--- Task directions ---
Take the line containing "lidt naivistisk pointalisme" through the last line of the data and retype those lines exactly. Pictures do not belong in the copy.

--- Stored data ---
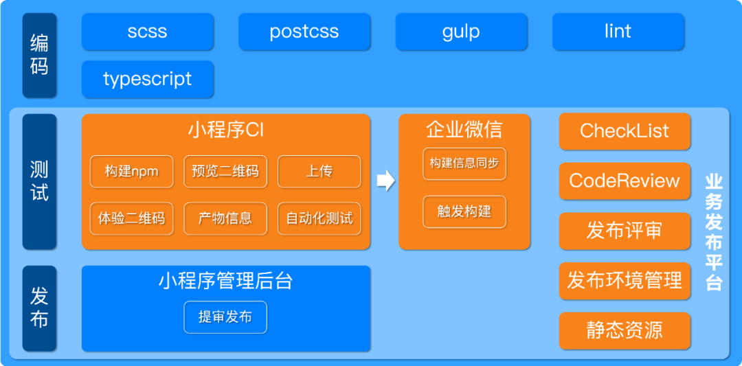 为了解决发布流程不规范的问题,我们将小程序的发布也接入到了业务发布平台。在发布平台上进行 CheckList、CodeReview、发布评审、发布环境管理、发布静态资源等流程的流转,确保需求发布的质量、合规和有序。
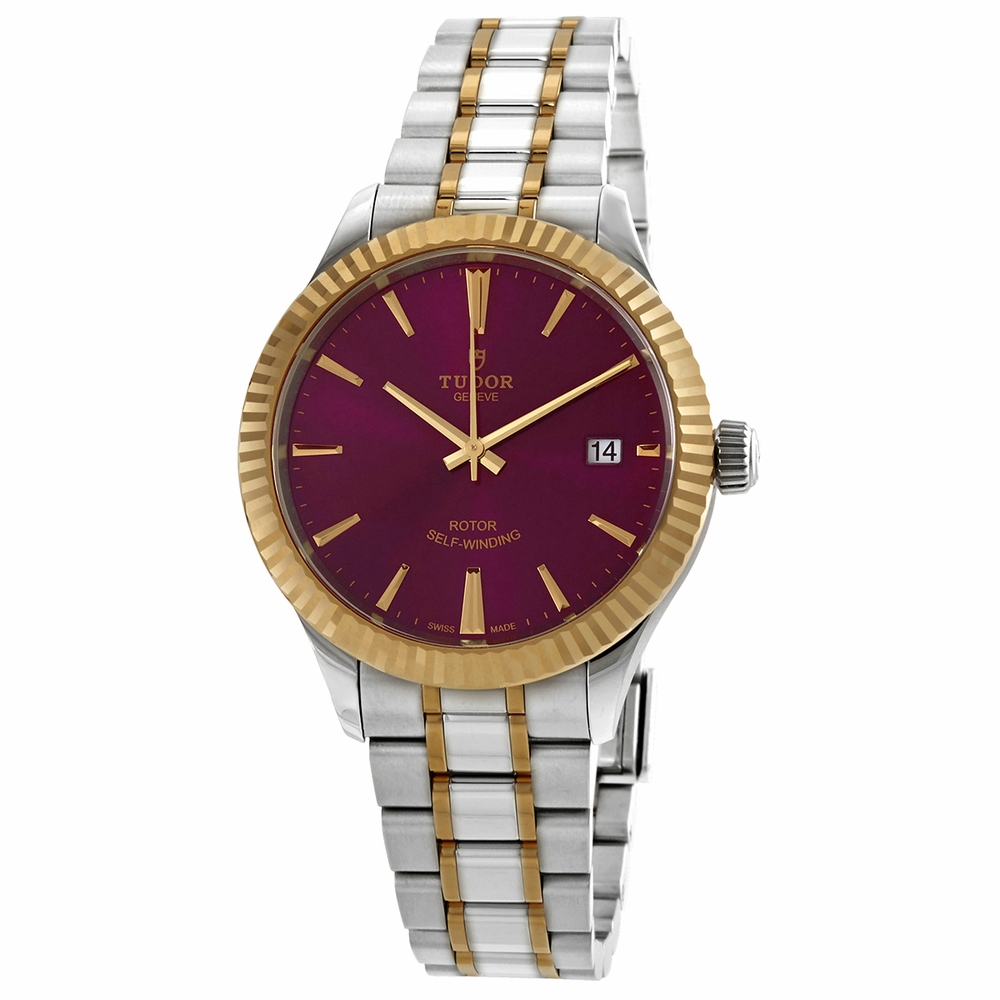 Stainless steel case with a stainless steel bracelet with yellow gold accents. Fixed fluted yellow gold bezel. Burgundy dial with yellow gold-tone hands and index hour markers. Minute markers around the outer rim. Dial Type: Analog. Date display at the 3 o'clock position. Tudor Calibre 2824 Automatic movement, based upon ETA 2824, containing 25 Jewels, bitting at 28800 vph, and has a power reserve of approximately 38 hours. Scratch resistant sapphire crystal. Screw down crown. Solid case back. Round case shape. Case size: 38 mm. Fold over clasp. Water resistant at 100 meters / 330 feet. Functions: date, hour, minute, second. Style Series. Luxury watch style. Watch label: Swiss Made. Tudor Style Automatic Burgundy Dial Watch M12513-0013.
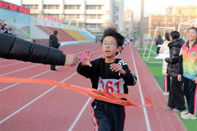 张志永校长为比赛鸣响第一枪,发令声划破晴空,参赛选手如离弦之箭,奋力冲出起跑线,一场速度与耐力、意志与激情的较量热烈展开。运动员们不畏冬寒,顽强拼搏,尽显昂扬斗志与青春活力;跑道外,师生组成的拉拉队呐喊助威声此起彼伏,汇成一股驱散寒意的暖流,点燃了整个校园的热情。当最后一名选手喘着粗气冲过终点线时,看台上响起经久不息的掌声。这或许就是体育教育的魅力——它教会孩子们如何在逆境中寻找力量,在汗水中收获成长。
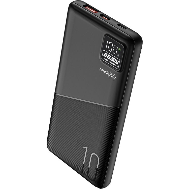 Porodo Blue Quick Charge Power Bank with USB-A & USB-C Outputs, 10000mAh Battery Capacity, Digital Display, 20W Power Delivery - Black
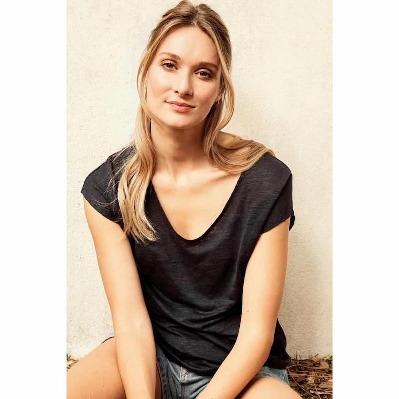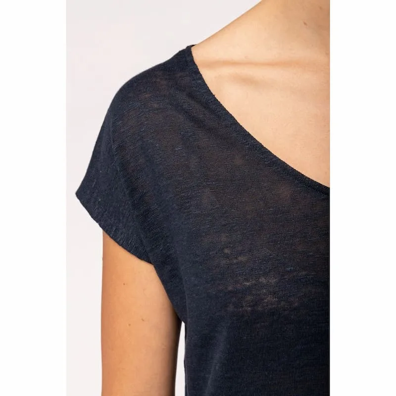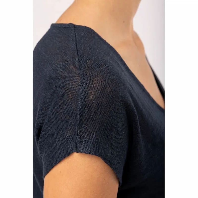 100% linho. Calibre 20. Corte direito com acabamento tubular do cós e da manga. Tapa costuras interior no decote nas costas. Decote no tecido principal. Pespontos duplos no acabamento do cós e da manga. Decote em «V». Fita em cetim nos ombros para pendurar no cabide. Peça fornecida sem etiqueta de marca no decote, contendo apenas etiqueta de tamanho para facilitar a personalização.
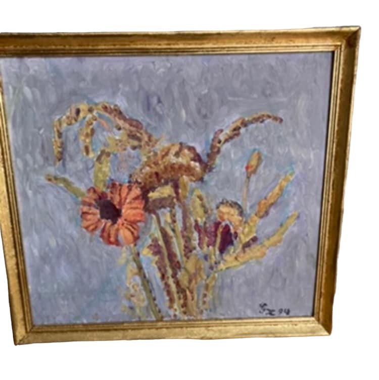 lidt naivistisk pointalisme i skønne farver. i guldramme som måler 43 x 39,5 cm.
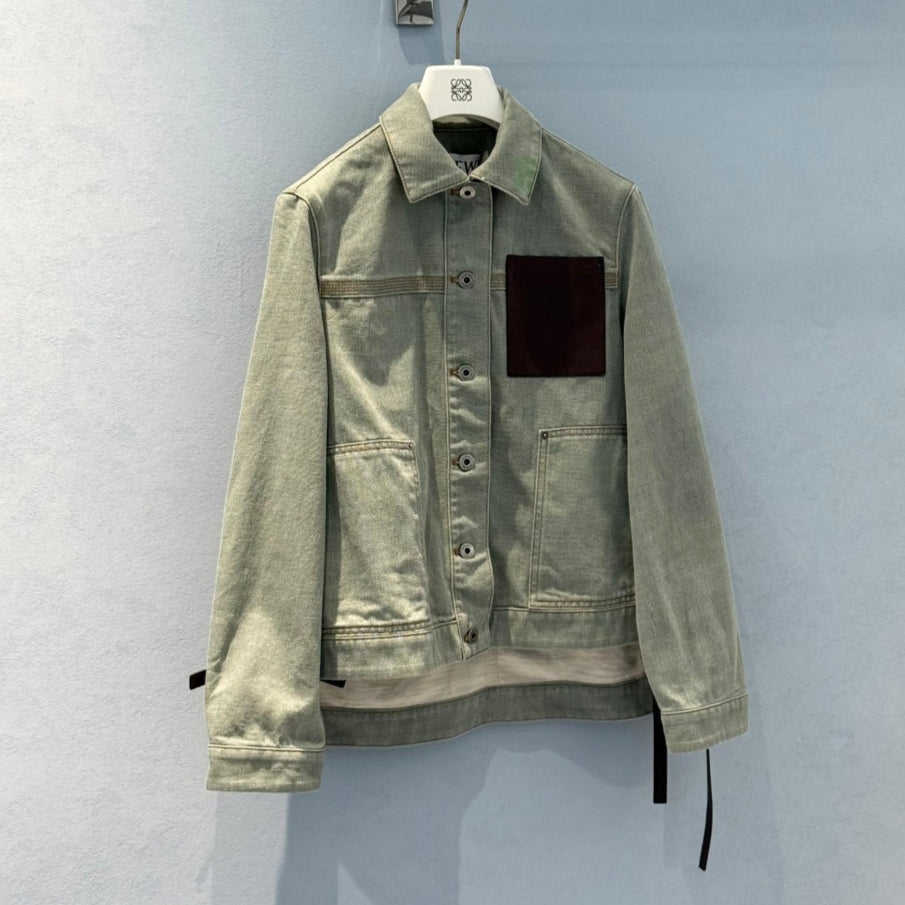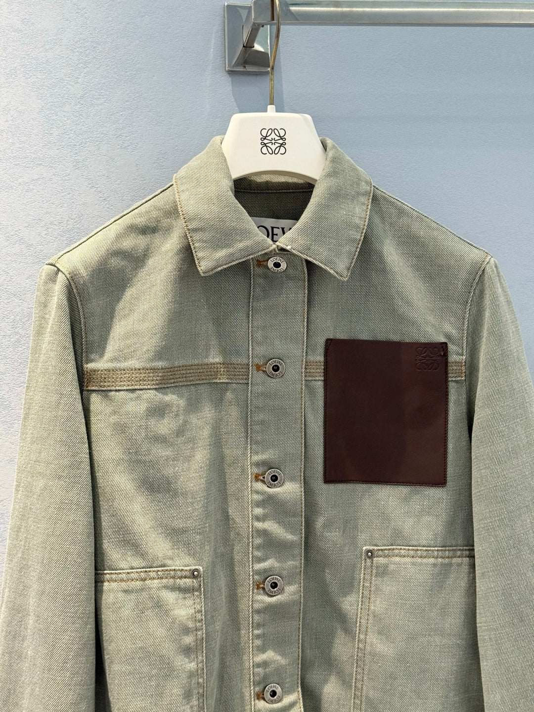 Loewe 25 Jacket Beige Green Cotton And Denim
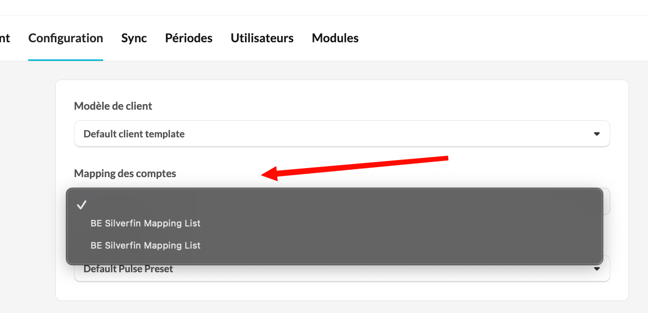 Sans l'activation des suffixes, il est impossible de mapper plusieurs comptes vers le même numéro de compte Silverfin.
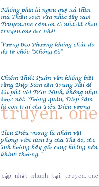 Chiêm Thiết Quân báo cáo: “Tướng quân, Diệp Sâm – con trai của Diệp Tiêu Diêu, đến Trung Hải, buổi chiều đã có mặt tại Bích Hải Vân Thiên, mời một số nhân vật tai to mặt lớn ở Trung Hải, đồng thời mời cả ngài!”
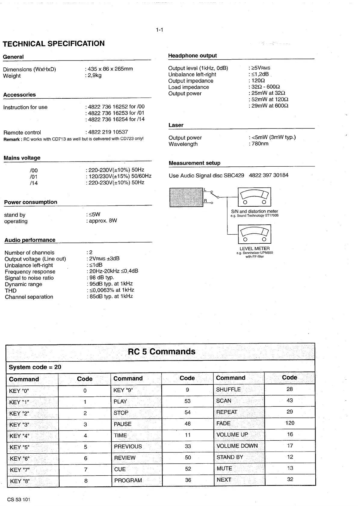 Philips CD713 - Standard Product Information; Audio Performance Specifications; Optical Read-out System; Audio Output Details

--- Reply ---
 lidt naivistisk pointalisme i skønne farver. i guldramme som måler 43 x 39,5 cm.
 Loewe 25 Jacket Beige Green Cotton And Denim
 Sans l'activation des suffixes, il est impossible de mapper plusieurs comptes vers le même numéro de compte Silverfin.
 Chiêm Thiết Quân báo cáo: “Tướng quân, Diệp Sâm – con trai của Diệp Tiêu Diêu, đến Trung Hải, buổi chiều đã có mặt tại Bích Hải Vân Thiên, mời một số nhân vật tai to mặt lớn ở Trung Hải, đồng thời mời cả ngài!”
 Philips CD713 - Standard Product Information; Audio Performance Specifications; Optical Read-out System; Audio Output Details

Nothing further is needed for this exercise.